2026

The effect of hearing ability on dual-task performance following multi-domain training in older adults with mild cognitive impairment: findings from the SYNERGIC trial

Auteurs:

Downey, R. I., Petersen, B. J., Mohanathas, N., Campos, J. L., Montero-Odasso, M., Bherer, L., Pichora-Fuller, M. K., Bray, N. W., Burhan, A. M., Camicioli, R., Fraser, S., Liu-Ambrose, T., Lussier, M., Middleton, L. E., Pieruccini-Faria, F., Phillips, N. A., & Li, K. Z. H.

Revue:

Frontiers in Aging Neuroscience

Abstract

Background: Hearing loss is one of the largest potentially modifiable risk factors for dementia and is linked with poor cognitive-motor dual-task performance (e.g., walking while performing a cognitive task). Hearing loss is more prevalent and severe in males, whereas dementia is more prevalent in females. Physical exercise and cognitive interventions appear promising in improving dual-tasking in older adults; however, it is currently unclear whether hearing ability affects training efficacy on dual-task outcomes in older adults with mild cognitive impairment (MCI), and whether sex influences this effect.

Objective: The primary aim of this study was to examine whether hearing ability affects dual-task performance at baseline and after training in individuals with MCI, and whether sex further influences these relationships, irrespective of intervention arm.

Methods: Secondary data was analysed from 75 participants with MCI (Mage = 73.66 ± 6.67) enrolled in the SYNERGIC trial. Hearing ability was assessed using self-report and behavioral measures. Participants completed a 20-week intervention: (1) Exercise (aerobic-resistance exercise + sham cognitive training; n = 31), (2) Multi-Domain Training (aerobic-resistance exercise + cognitive training; n = 32), or (3) Placebo Training (balance and toning exercises + sham cognitive training; n = 12). Primary outcomes included dual-task gait and cognitive performance.

Results: At baseline, poorer hearing predicted worse dual-task performance, particularly in males. Dual-task gait variability significantly improved following Multi-Domain Training in participants with a greater degree of self-reported hearing complaints. Sex-stratified analyses revealed that females with more hearing complaints improved more across all interventions, while in the Multi-Domain group, males with poorer objective hearing and females with better hearing showed the greatest gains. Additionally, in those with poorer hearing, lower cognitive scores (MoCA) predicted greater improvements after Multi-Domain Training, but a decline after Placebo Training.

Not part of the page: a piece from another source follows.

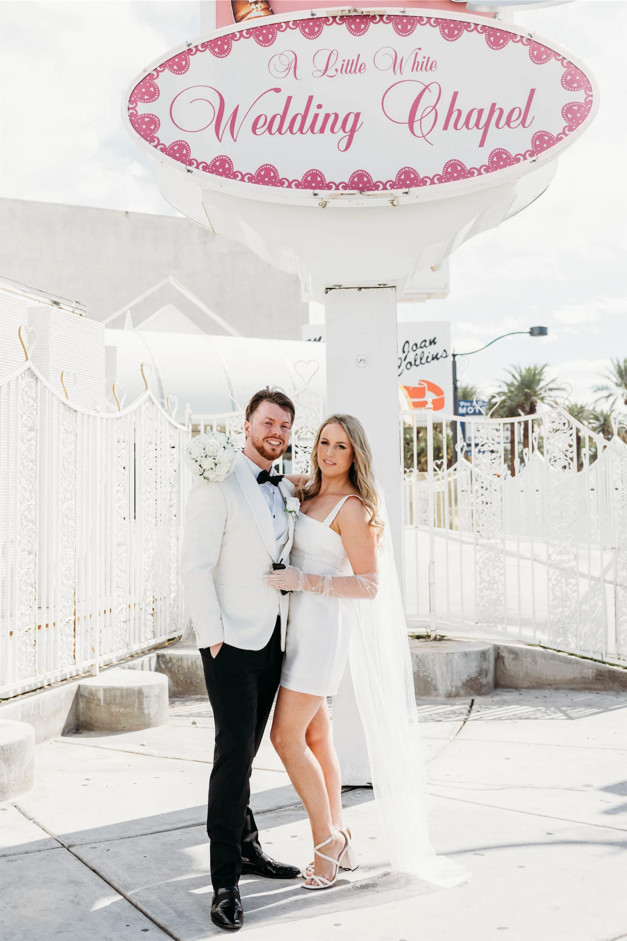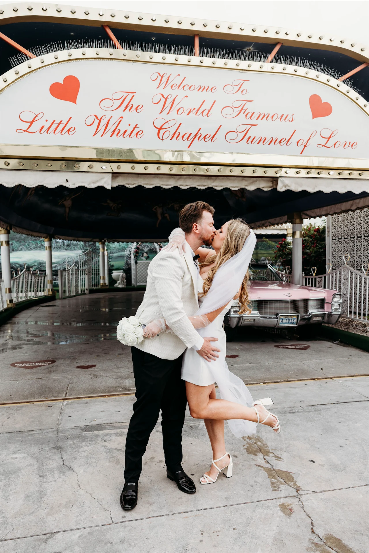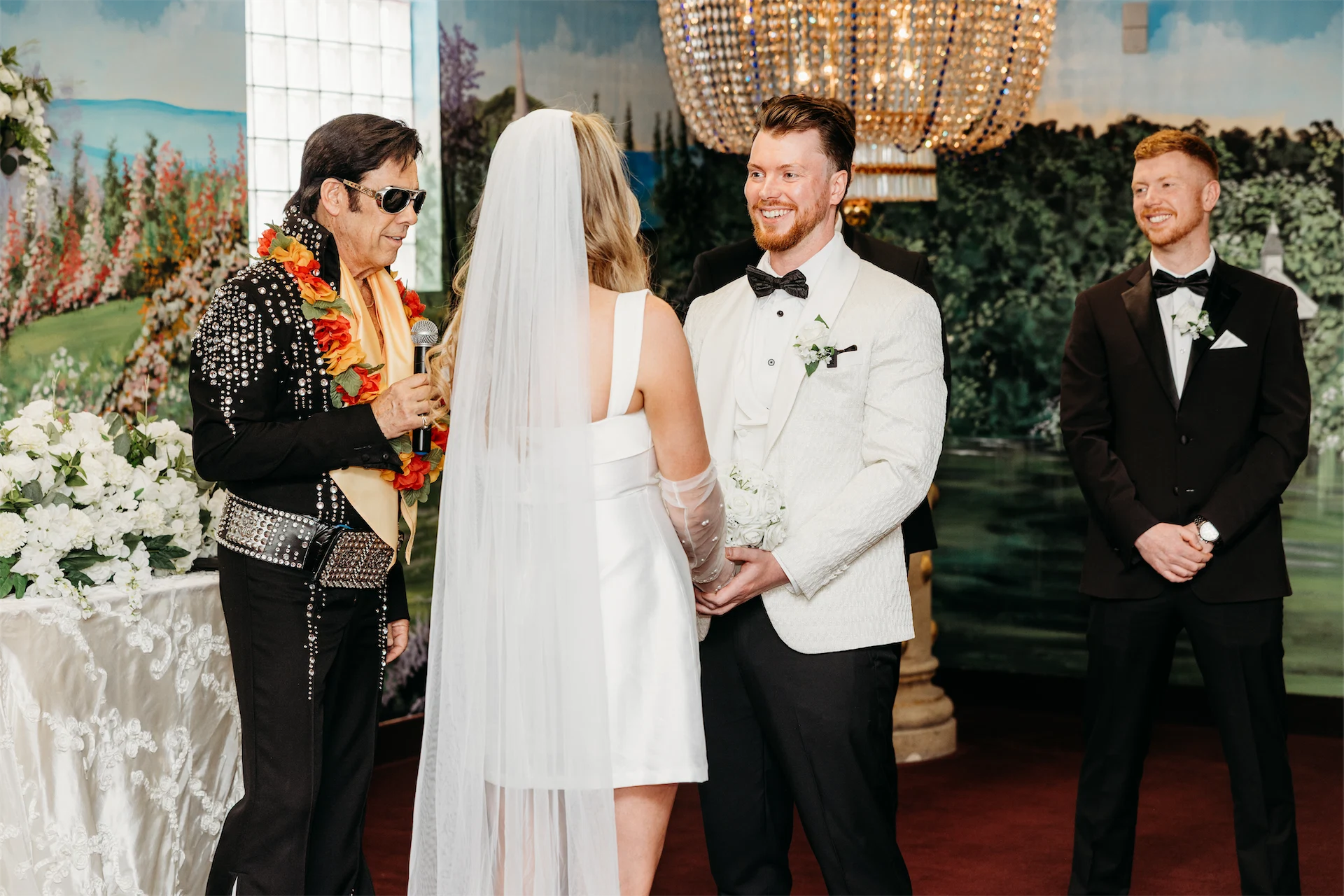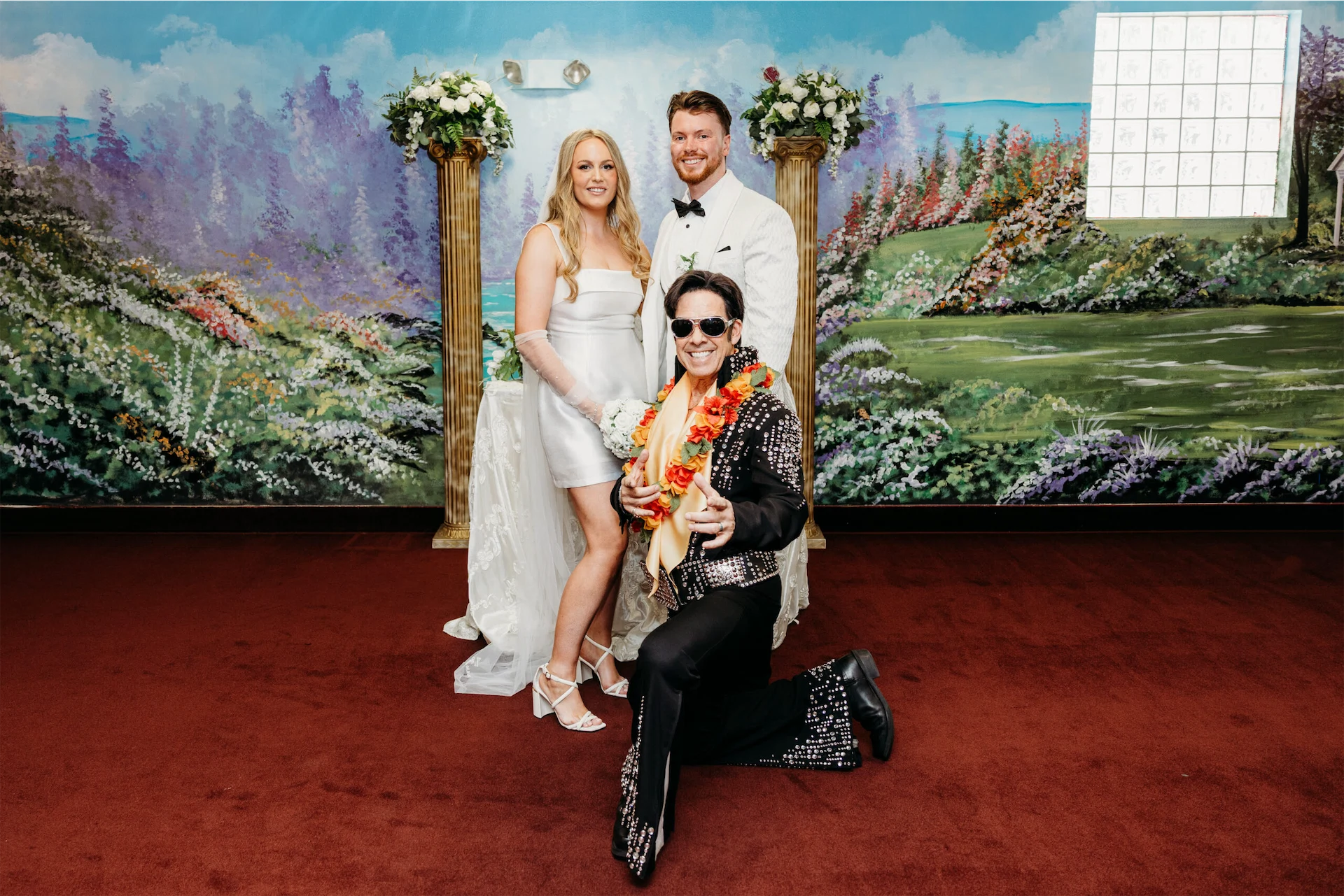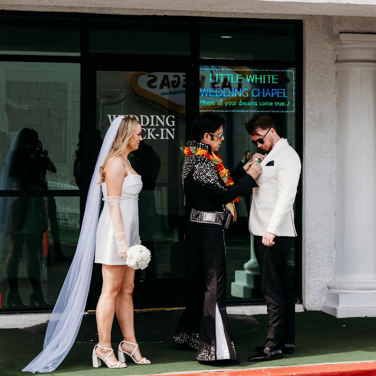 Zoë and Kevin tied the knot in true Las Vegas style at the iconic Little White Chapel, with none other than Elvis himself officiating the ceremony.

Conclusion: Hearing ability, sex, and cognitive status appear to interact to influence the effects of exercise and cognitive training on dual-task performance in older adults with MCI. Multi-Domain Training appears particularly beneficial for those with hearing loss (who are male and/or have lower cognitive status), highlighting the need for personalized interventions to preserve function and slow decline in this at-risk population.

Plain Language Summary

Background: Older adults who walk more slowly while simultaneously competing a cognitive task (i.e., dual-tasking) are at an increased risk for cognitive decline. Hearing loss is one of the largest risk factors for dementia, and it may be possible to reduce this risk.  It is also linked with poor performance while doing two tasks at once (dual-task performance). Hearing loss is more common and severe in males, while dementia is more common in females. Exercise and cognitive training have shown promise in improving dual-task performance in older adults, but it remains unclear whether hearing level moderates the effectiveness of such interventions in older adults with mild cognitive impairment (MCI) – a transitional state between normal cognitive aging and dementia – or if sex plays a role.

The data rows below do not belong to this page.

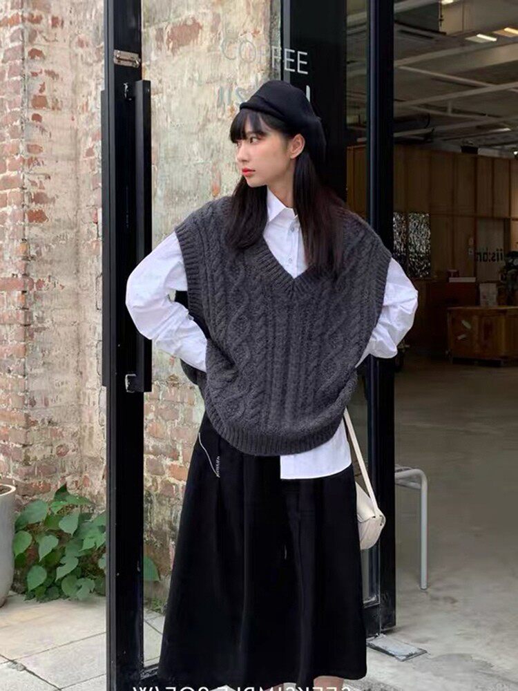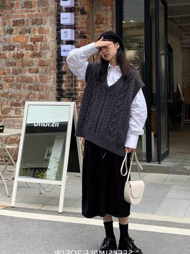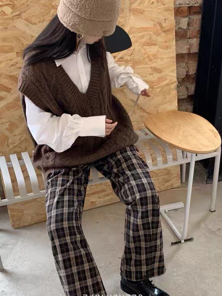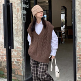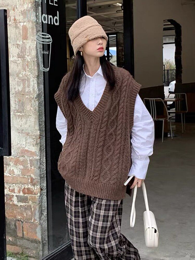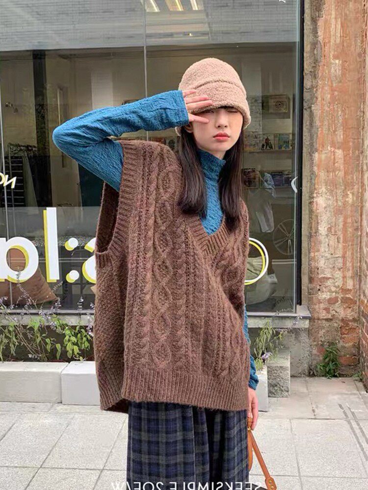 Коричневый трикотажный свитер, весенний жилет, майка топ, свободный крой, изысканный стиль
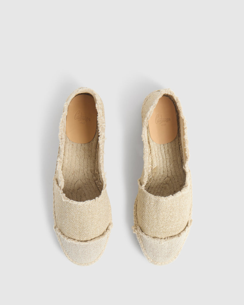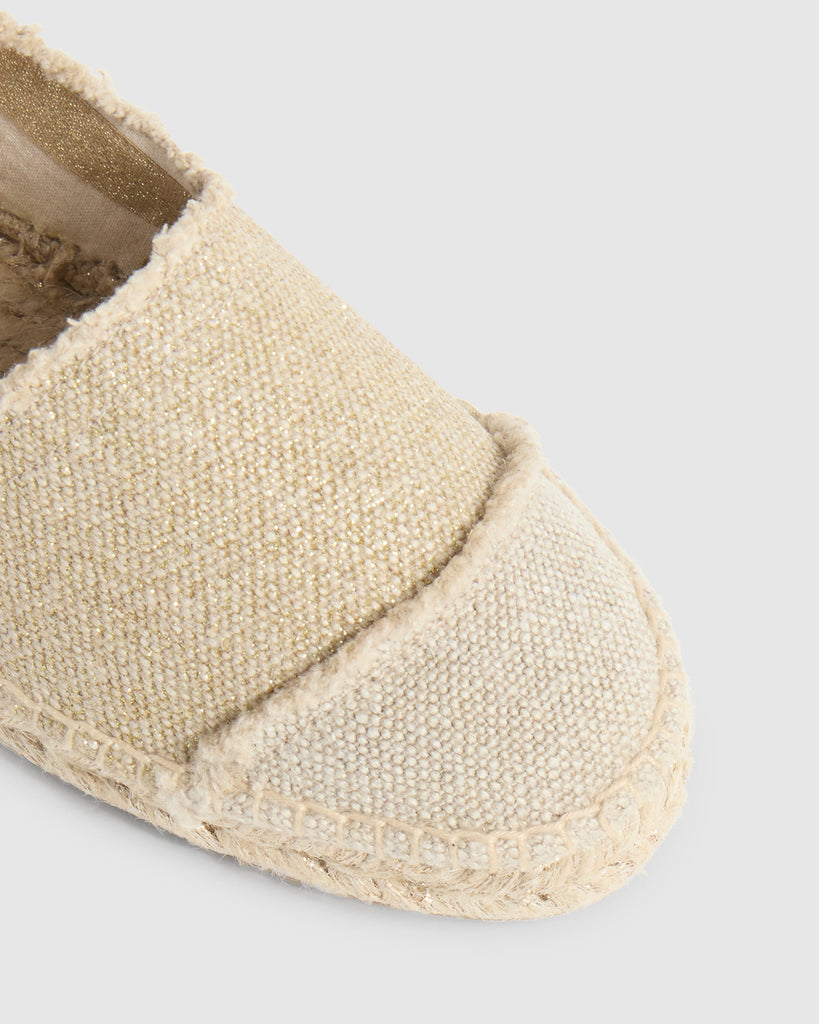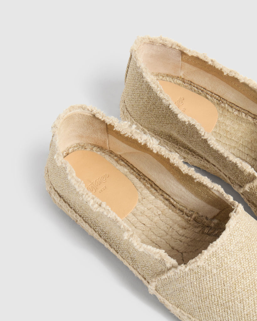 METALLIC COTTON CANVAS ESPADRILLE FLATS. WITH FRAYED FINISH. CONTRASTING ROUND TOE. VULCANISED-RUBBER SOLE IN NATURAL COLOUR AND 2 cm PLATFORM.
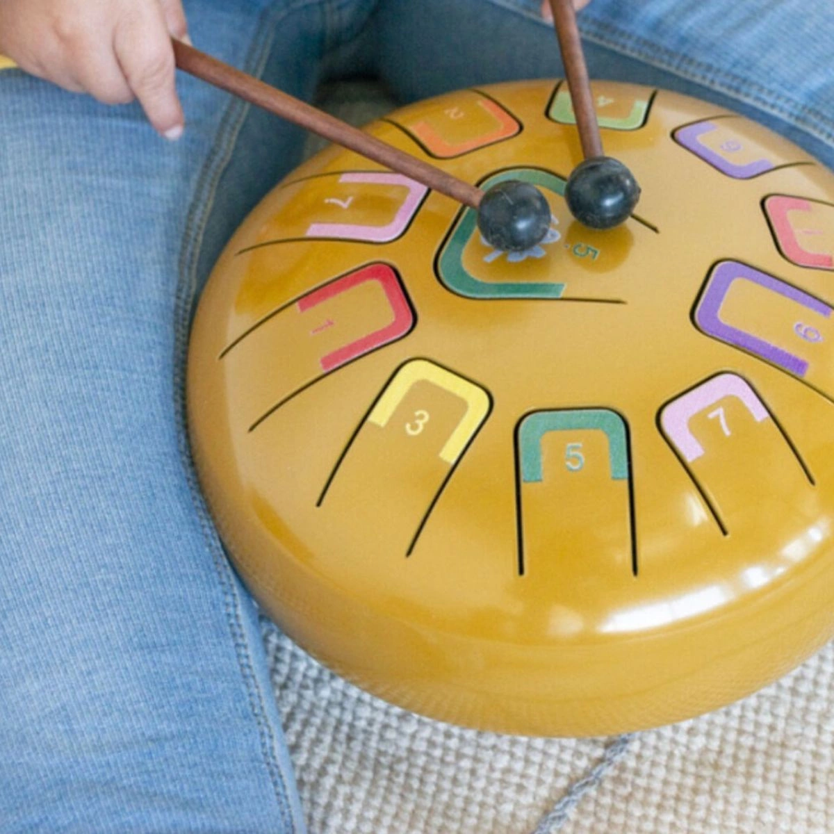 Bębenek Tambu został zaprojektowany z myślą o intuicyjnej nauce i radości z gry. Oznaczenia cyfrowe i kolorowe, zgodne z metodą Montessori, pomagają początkującym muzykom łatwiej odnaleźć się w świecie dźwięków. Do zestawu dołączony jest zeszyt z nutami, który inspiruje do tworzenia własnych melodii i rytmów.

Seventy-five participants with MCI participated in one of three types of interventions for 20 weeks to determine if it would improve dual-tasking more so for those who had a greater degree of hearing loss. The three types of interventions consisted of: 1) aerobic-strength exercises with cognitive training, 2) aerobic-strength exercises with a placebo cognitive training, or 3) balance and toning exercises with a placebo cognitive training.

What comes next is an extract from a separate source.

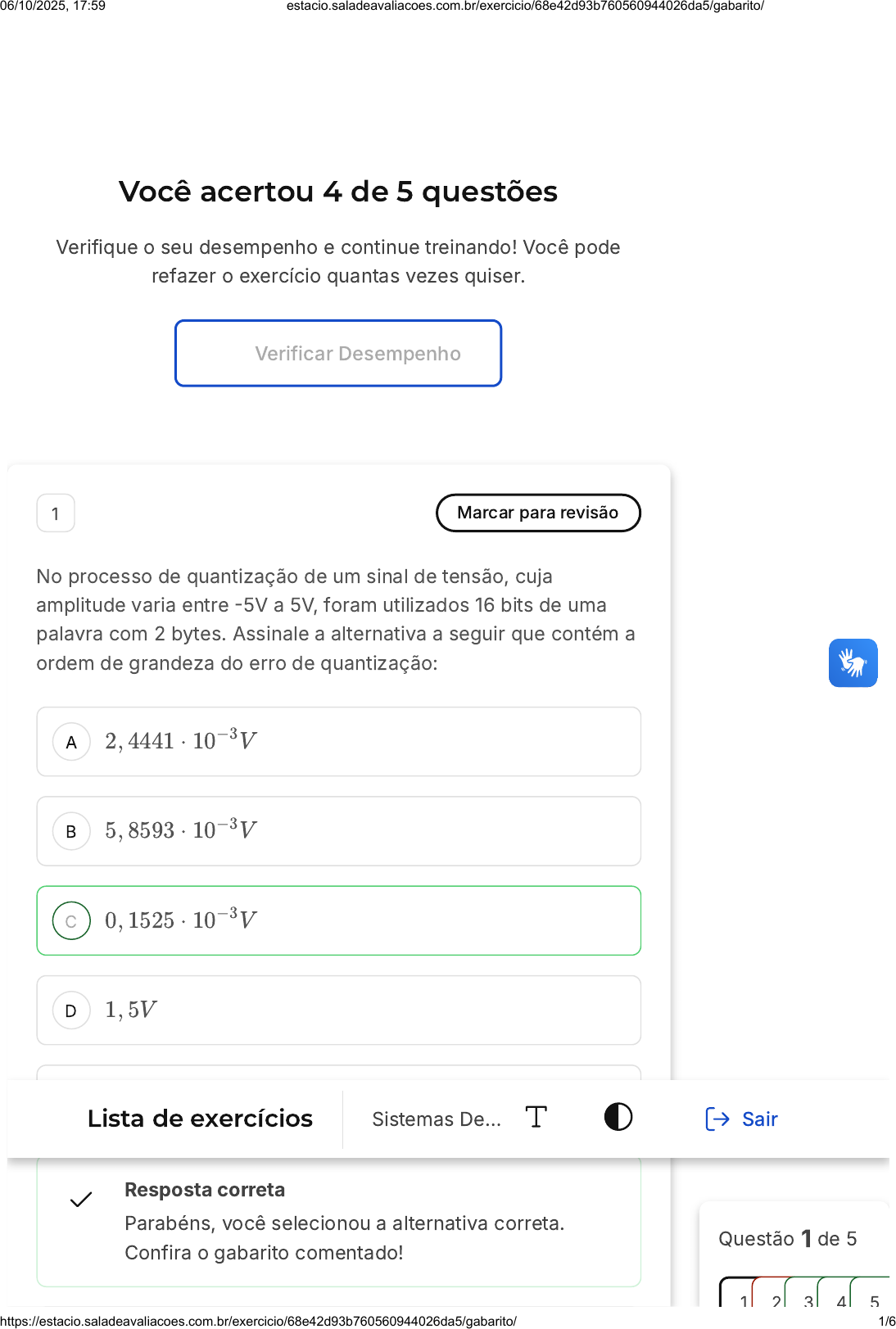 Você acertou 4 de 5 questões Verifique o seu desempenho e continue treinando! Você pode refazer o exercício quantas vezes quiser. Verificar Desempenho A B C D E 1 Marcar para revisão No processo de quantização de um sinal de tensão, cuja amplitude varia entre -5V a 5V, foram utilizados 16 bits de uma palavra com 2 bytes. Assinale a alternativa a seguir que contém a ordem de grandeza do erro de quantização: 2, 4441 ⋅ 10−3 V 5, 8593 ⋅ 10−3 V 0, 1525 ⋅ 10−3 V 1, 5V 0, 3662 ⋅ 10−3 V Resposta correta Parabéns, você selecionou a alternativa correta. Confira o gabarito comentado! Questão 1 de 5 1 2 3 4 5 Lista de exercícios Sistemas De… Sair 06/10/2025, 17:59 estacio.saladeavaliacoes.com.br/exercicio/68e42d93b760560944026da5/gabarito/ https://estacio.saladeavaliacoes.com.br/exercicio/68e42d93b760560944026da5/gabarito/ 1/6 A B C D E Gabarito Comentado A questão se refere ao processo de quantização de um sinal de tensão, que é a conversão de um sinal analógico em um sinal digital. Nesse processo, a amplitude do sinal é dividida em níveis discretos, que são representados por bits. O erro de quantização é a diferença entre o valor real do sinal e o valor quantizado. No caso apresentado, a amplitude do sinal varia entre -5V e +5V e foram utilizados 16 bits para a quantização. A alternativa correta, que representa a ordem de grandeza do erro de quantização, é .0, 1525 ⋅ 10−3 V 2 Marcar para revisão Adotando o período de amostragem T=0,05 e o operador discreto Backward, assinale a alternativa que corresponde ao controlador discreto equivalente C (z) ao controlador analógico C (s) de um sistema de controle de vazão, cuja função de transferência é dada por: d a Ca(s) = = U(s) E(s) 3s−8 8s+9 Cd(z) = 2,6z−0,3973 1,0596z−0,3444 2,6z−3 7,55z−8 Cd(z) = 7,55z−8 2,06z−3 Cd(z) = 0,9765z−0,4082 z+0,3906 Cd(z) = = 402 0,05 3z−8 8z+9 3z−8 8z+9 Resposta incorreta Corretas (4) Incorretas (1) Em branco (0) 1 2 3 4 5 06/10/2025, 17:59 estacio.saladeavaliacoes.com.br/exercicio/68e42d93b760560944026da5/gabarito/ https://estacio.saladeavaliacoes.com.br/exercicio/68e42d93b760560944026da5/gabarito/ 2/6 A B C Opa! A alternativa correta é a letra B. Confira o gabarito comentado! Gabarito Comentado A questão pede a conversão de um controlador analógico para um controlador discreto, utilizando o operador discreto Backward e um período de amostragem T=0,05. A alternativa correta é a B, que apresenta a função de transferência do controlador discreto equivalente ao controlador analógico dado. A conversão de um controlador analógico para um controlador discreto é um processo comum em sistemas de controle digital, onde o controlador analógico é substituído por um controlador discreto que produz resultados semelhantes quando aplicado a um sistema discreto. A função de transferência do controlador discreto é obtida através da aplicação do operador discreto Backward à função de transferência do controlador analógico. 3 Marcar para revisão Assinale a alternativa que corresponde à equação de diferenças de um controlador discreto equivalente, obtido por meio da aproximação de Forward e que possui a seguinte função de transferência: Cd(z) = = U(z) E(z) 402z−398 1403z−1397 e(k + 1) = e(k) + u(k + 1) − u(k)7 9 11 9 u(k) = u(k + 1) + e(k + 1) − e(k)402 1403 398 1397 u(k + 1) = u(k) + e(k + 1) − e(k)1403 1397 402 1397 06/10/2025, 17:59 estacio.saladeavaliacoes.com.br/exercicio/68e42d93b760560944026da5/gabarito/ https://estacio.saladeavaliacoes.com.br/exercicio/68e42d93b760560944026da5/gabarito/ 3/6 D E A B u(k + 1) = 0, 996u(k) + 0, 286e(k + 1) − 0, 284e(k) u(k + 1) = 3, 49u(k) + 3, 51e(k + 1) − e(k) Resposta correta Parabéns, você selecionou a alternativa correta. Confira o gabarito comentado! Gabarito Comentado A alternativa correta é a letra D, que apresenta a equação de diferenças correta para o controlador discreto equivalente. A equação é obtida a partir da função de transferência dada, utilizando a aproximação de Forward. Esta equação representa a relação entre a entrada e a saída do controlador em termos de suas versões discretas no tempo, considerando a influência do valor atual e do valor anterior tanto da entrada quanto da saída. u(k + 1) = 0, 996u(k) + 0, 286e(k + 1) − 0, 284e(k) 4 Marcar para revisão Assinale a alternativa que contém a resposta de um sistema de controle digital a uma entrada do tipo impulso unitário, cuja função de transferência em malha fechada é dada por: = Yz Rz z+10 z2+7z+12 Yz = 1, 2z−1 + 2, 3z−2 + 21, 4z−3 − 13z−4+. . . Yz = 0, 83z−1 − 1, 42z−2 + 4, 54z−3 + 83, 6z−4+. . . 06/10/2025, 17:59 estacio.saladeavaliacoes.com.br/exercicio/68e42d93b760560944026da5/gabarito/ https://estacio.saladeavaliacoes.com.br/exercicio/68e42d93b760560944026da5/gabarito/ 4/6 C D E Yz = z−1 + 2, 5z−2 + 5z−3 + 10z−4+. . . Yz = z−1 + 3z−2 − 33z−3 + 195z−4+. . . Yz = 0, 5z−1 + 1, 3z−2 + 1, 7z−3 + 5, 46z−4+. . . Resposta correta Parabéns, você selecionou a alternativa correta. Confira o gabarito comentado! Gabarito Comentado A alternativa correta é a D, que apresenta a sequência . Essa sequência é a resposta do sistema de controle digital a uma entrada do tipo impulso unitário, considerando a função de transferência em malha fechada dada. A função de transferência descreve a relação entre a entrada e a saída de um sistema, e, neste caso, a sequência apresentada na alternativa D é a que melhor representa essa relação. Yz = z−1 + 3z−2 − 33z−3 + 195z−4+. . . 5 Marcar para revisão Um sistema de controle discreto é representado pela seguinte função de transferência discreta: Sobre a estabilidade desse sistema, assinale a única alternativa correta: G(z) = z z2+1,4z+1,3 06/10/2025, 17:59 estacio.saladeavaliacoes.com.br/exercicio/68e42d93b760560944026da5/gabarito/ https://estacio.saladeavaliacoes.c

Prior to training, dual-task walking and cognition were poorer in participants with worse hearing, particularly in males. Following combined exercise and cognitive training, dual-task walking became more stable, particularly in males with a greater degree of hearing loss, and in older adults with poorer hearing and lower cognitive status. These findings can help guide interventions to improve multitasking abilities and reduce decline in older adults at risk for dementia.